Before a thread can allow the following one to access the head, it needs to move to another node. If the thread is the first in a chain, it must first make the global gate available for the next chain once it accessed the head. It must then move to the other node and report its new location. Lastly, the following thread must read that report. The overheads of this sequence are detailed in Table 2. In our experiments, on a 16-thread write-only SBS execution the sequence took an average of 700 cycles. Multiplying this sequence latency by the throughput of 3M ops/s yields 2.1G cycles. The latency incurred by the traversal of the head is the execution’s critical path, and matches our processors 2.4 GHz frequency. In summary, Scalability is limited by the rate in which threads access the head. Our implementation minimizes accesses to remote memory, but cache misses that involve communication with a core residing on the same NUMA node incur significant overhead. Serialized execution time can be reduced by either eliminating operations or using faster cross-core communication; x86 MONITOR and MWAIT, once available in user mode, are certainly of interest [5].

5 Related Work

The hand-over-hand locking scheme (also known as lock coupling, latch coupling, crabbing etc.) was first described by Bayer and Schkolnick [6] as a way to construct concurrent B-trees. It has since been used to parallelize various data structures. As the major synchronization mechanism, it was used in linked lists [1], B-trees [7], skip lists [8], relaxed red-black trees [9] and a Treap [10]. As a utility for a certain part of the algorithm, it was also used in priority queues [11], B+-trees [12, 13], B\(^{link}\)-trees [14, 15] and hash tables [16].

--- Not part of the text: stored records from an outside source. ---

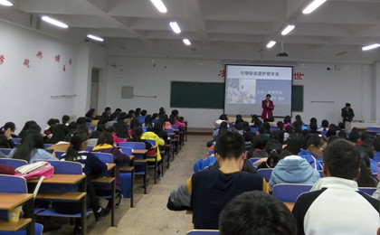 首先,于老师对本次讲座做了相关介绍,使同学们了解了本次讲座的意义。紧接着,孙老师从“护理专业简介”、“护理专业学习”、“护理专业未来方向”、“毕业前准备”四方面带领同学们走进了护理专业。其中,孙老师在讲述“护理专业简介”时,通过介绍“南丁格尔奖”获得者王桂英,使同学们进一步地认识了护理专业,深深地感受到护理人员无私奉献的伟大精神,深刻地体会到护理职业的神圣;在讲述“毕业前准备”时,亲切的孙老师通过与同学们探讨当今社会缺乏人才的现象,使同学们明白了只有不断完善自己,不断提升自己的人格素养和道德修养,才能被社会吸纳。最后,于老师对本次教育讲座进行了总结,讲座在同学们的掌声中落下帷幕。
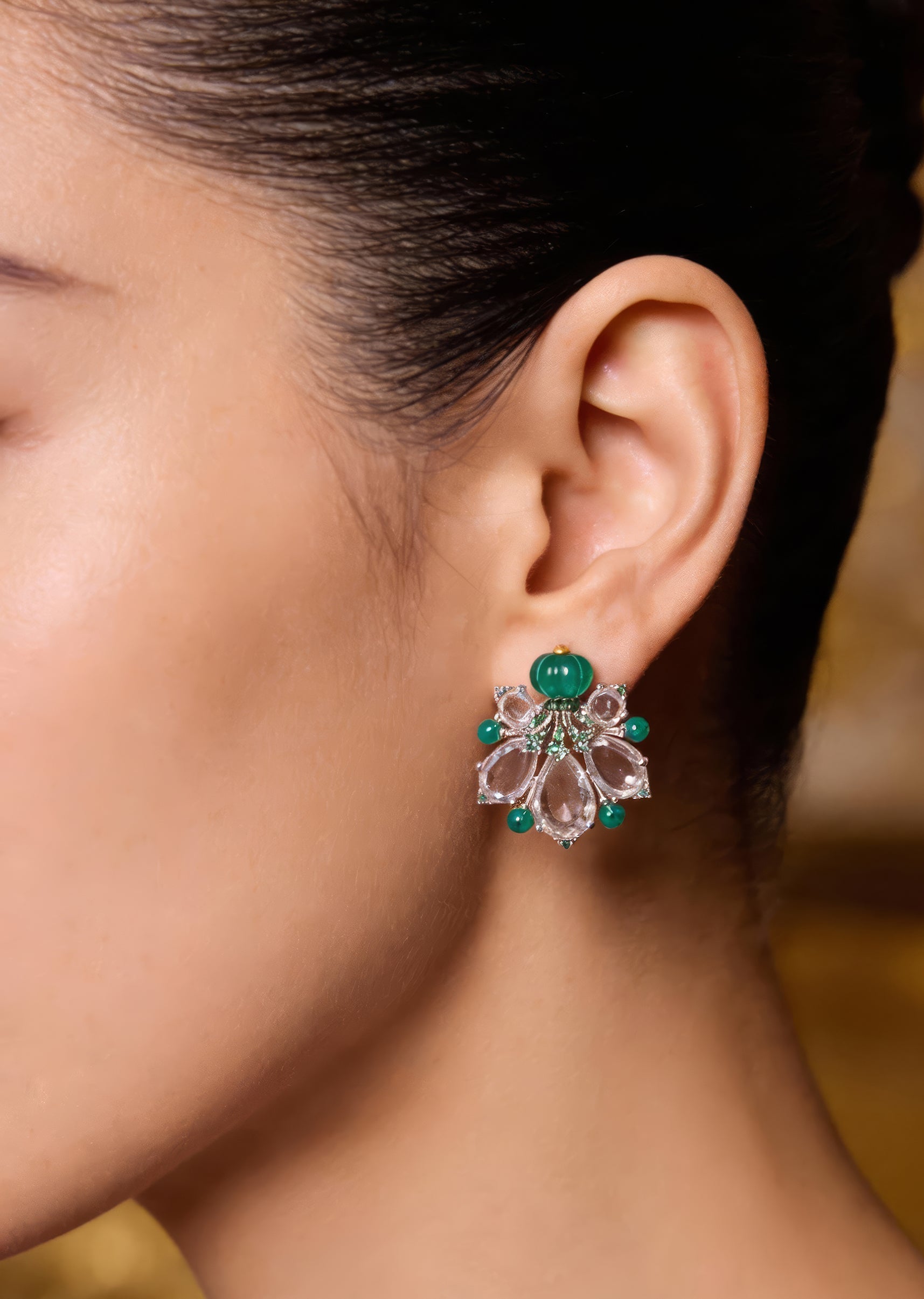 Pair these earrings with pastel sarees, solid kurtas or elegant dresses in neutral or soft green tones to highlight the green carved stone and clear accents.
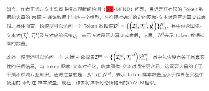 在本文中,作者提出了CoVLM,一种用于半监督多模态虚假新闻检测的新颖框架,旨在在有限的 Token 数据和大量 未标注 数据下有效运行。
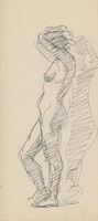 Perfil de mujer con los brazos sobre la cabeza Un apunte del desnudo de una mujer de perfil, con la cabeza entre sus brazos. Creando sombras con líneas de trazos cortos y paralelos. La repetición de unos mismos modelos nos habla de un quehacer repetitivo en el taller.
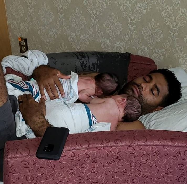 Facebook photos show the father as a devoted family man. One picture shows him peacefully sleeping with the twins lying on his chest.
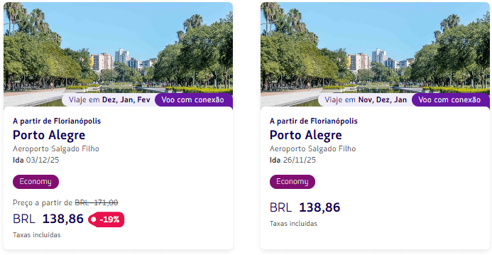Florianópolis → Porto Alegre: R$ 138,86
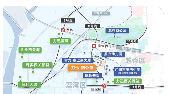 力迅樾公馆坐落于荔湾老西关核心区域,具体位于康王北路,地处陈家祠板块,地理位置得天独厚,距离越秀区仅1公里,无缝衔接老城区核心资源,尽享西关千年烟火气与人文底蕴。

Data structures with properties allowing hand-over-hand synchronization have been defined as Unipath [17] and Dominance Locking [10]. Those properties allow serializability verification [18, 19] and even automatic parallelization [10].

Locking individual memory locations has been supported in various forms. Lock-box [20] provided architectural support for SMT threads to lock particular addresses without using conventional synchronization mechanisms. The Synchronization State Buffer [21] extended this idea to a many-core system, while vLock [22] offered a software solution. TL2 [23] incorporated an array of locks in an STM library, allowing a fixed (yet large) set of locks to protect any number of locations. ROKO [24] synchronized accesses using versioning memory locations, and O-structures [25] added renaming to eliminate false dependencies.

6 Conclusions

Hand-over-hand locking is a widespread fine-grained synchronization technique. The simple interface makes hand-over-hand attractive, and it has been used to parallelize multiple data structures. Furthermore, the method is simple to reason about, allowing verification and automatic parallelization. However, fine-grained locking comes at a price: locking causes cache misses on every node access. As all threads enter at the same place, the top of the data structure becomes a bottleneck that disallows scaling past a small number of threads.

Snapshot-based synchronization is a drop-in replacement for hand-over-hand locking, but uses a very different synchronization mechanism under the hood. Leveraging the data structure layout, private snapshots allow threads to avoid data races without communicating with other threads. Leveraging modern hardware, communication minimally interferes with the surrounding algorithm. In our evaluation, on large data structures snapshot-based synchronization is on average \(2.6\times \) faster than hand-over-hand locking and \(1.6\times \) faster than STM.

While its interface is simple and easy to use, Snapshot-based synchronization’s implementation is considerably more complex than simple per-node locks. Albeit undesired in general, complexity brings about many optimization opportunities. We consider the implementation described in this paper a baseline: other implementations, possibly using newer hardware features, can make snapshot-based synchronization scale even better. In particular, reducing data structure entrance time and relaxing reader-to-reader synchronization are of interest.